ABOUT THIS EXERCISE
Exact reproduction is required for the lines below starting at the line with "In the laboratory" and ending at the line with "新建一个文件夹(比如 test-site),来存放第一个网站。", both included. No other lines, and no pictures.

MATERIAL FOR THE TASK
○ ○ ○ ○ ○

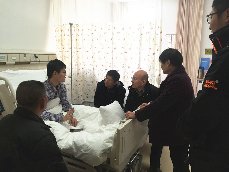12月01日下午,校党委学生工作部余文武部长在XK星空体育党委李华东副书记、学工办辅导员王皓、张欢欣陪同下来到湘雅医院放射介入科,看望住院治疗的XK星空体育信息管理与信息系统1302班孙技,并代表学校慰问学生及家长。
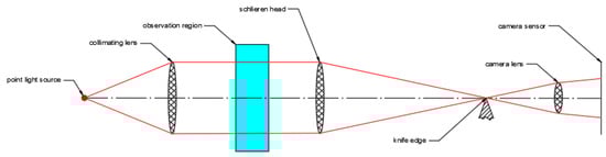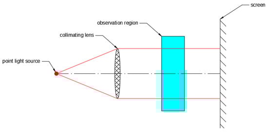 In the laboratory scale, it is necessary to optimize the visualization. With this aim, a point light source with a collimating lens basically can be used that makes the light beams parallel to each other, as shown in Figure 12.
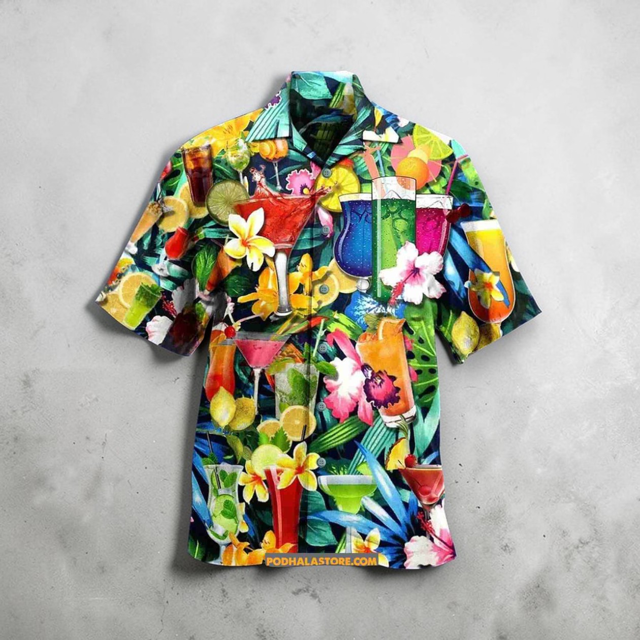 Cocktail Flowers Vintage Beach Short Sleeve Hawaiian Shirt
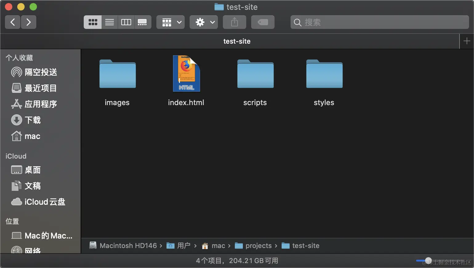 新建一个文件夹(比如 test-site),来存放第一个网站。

○ ○ ○ ○ ○

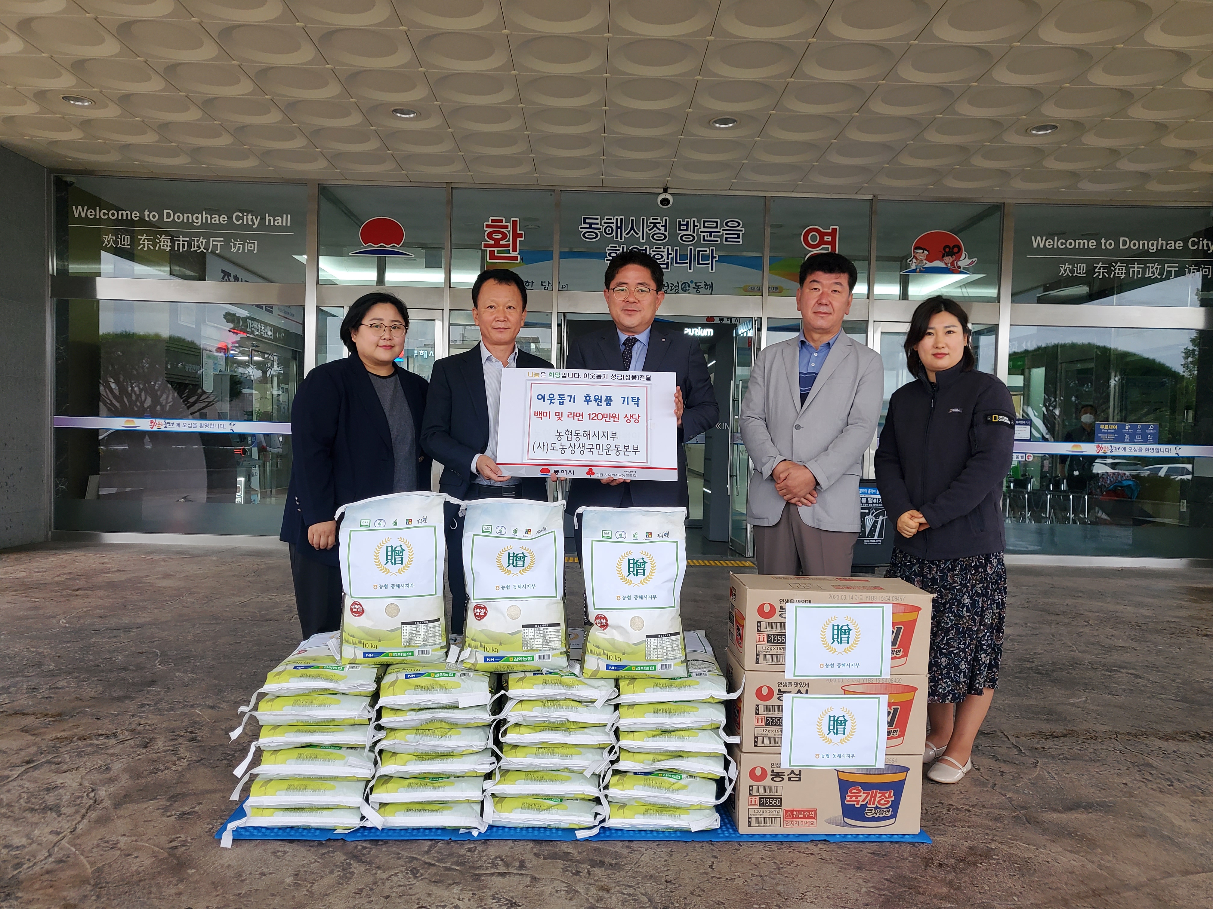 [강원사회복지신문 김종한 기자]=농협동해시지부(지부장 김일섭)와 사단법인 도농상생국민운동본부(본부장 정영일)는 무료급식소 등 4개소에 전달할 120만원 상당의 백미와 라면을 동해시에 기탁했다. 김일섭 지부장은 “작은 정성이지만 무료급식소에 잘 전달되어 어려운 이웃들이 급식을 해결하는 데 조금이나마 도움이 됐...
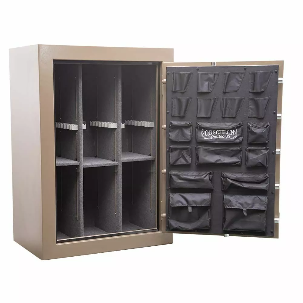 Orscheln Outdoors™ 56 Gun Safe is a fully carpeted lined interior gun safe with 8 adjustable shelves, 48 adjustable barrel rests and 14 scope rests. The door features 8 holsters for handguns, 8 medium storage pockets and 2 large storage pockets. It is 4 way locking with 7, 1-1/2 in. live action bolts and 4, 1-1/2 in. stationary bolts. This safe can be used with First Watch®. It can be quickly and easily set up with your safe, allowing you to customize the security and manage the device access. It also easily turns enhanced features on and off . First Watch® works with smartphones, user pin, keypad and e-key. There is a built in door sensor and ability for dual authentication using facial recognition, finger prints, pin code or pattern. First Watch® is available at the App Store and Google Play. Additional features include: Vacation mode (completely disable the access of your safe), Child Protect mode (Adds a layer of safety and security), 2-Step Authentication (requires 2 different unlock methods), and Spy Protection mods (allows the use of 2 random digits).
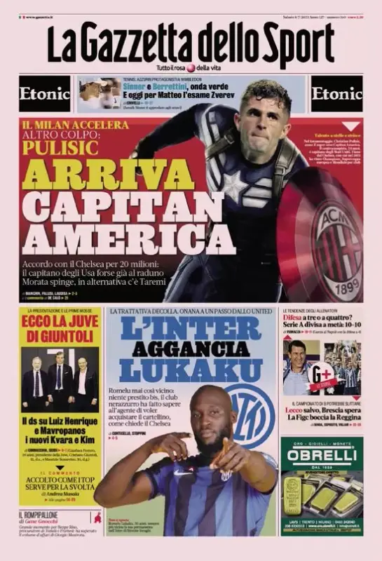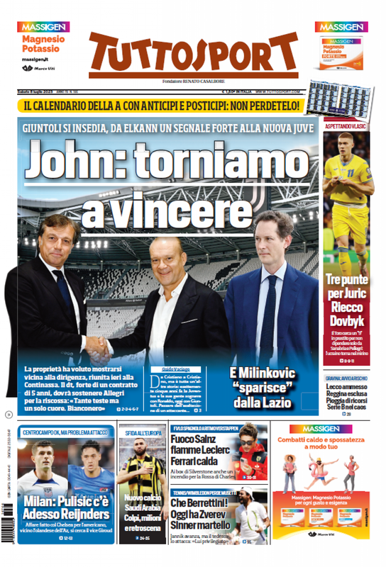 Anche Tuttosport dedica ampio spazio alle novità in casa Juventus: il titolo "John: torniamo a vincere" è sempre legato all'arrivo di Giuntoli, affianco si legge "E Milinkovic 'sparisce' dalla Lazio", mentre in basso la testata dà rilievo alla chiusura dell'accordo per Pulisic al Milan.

○ ○ ○ ○ ○

REPLY
 In the laboratory scale, it is necessary to optimize the visualization. With this aim, a point light source with a collimating lens basically can be used that makes the light beams parallel to each other, as shown in Figure 12.
 Cocktail Flowers Vintage Beach Short Sleeve Hawaiian Shirt
 新建一个文件夹(比如 test-site),来存放第一个网站。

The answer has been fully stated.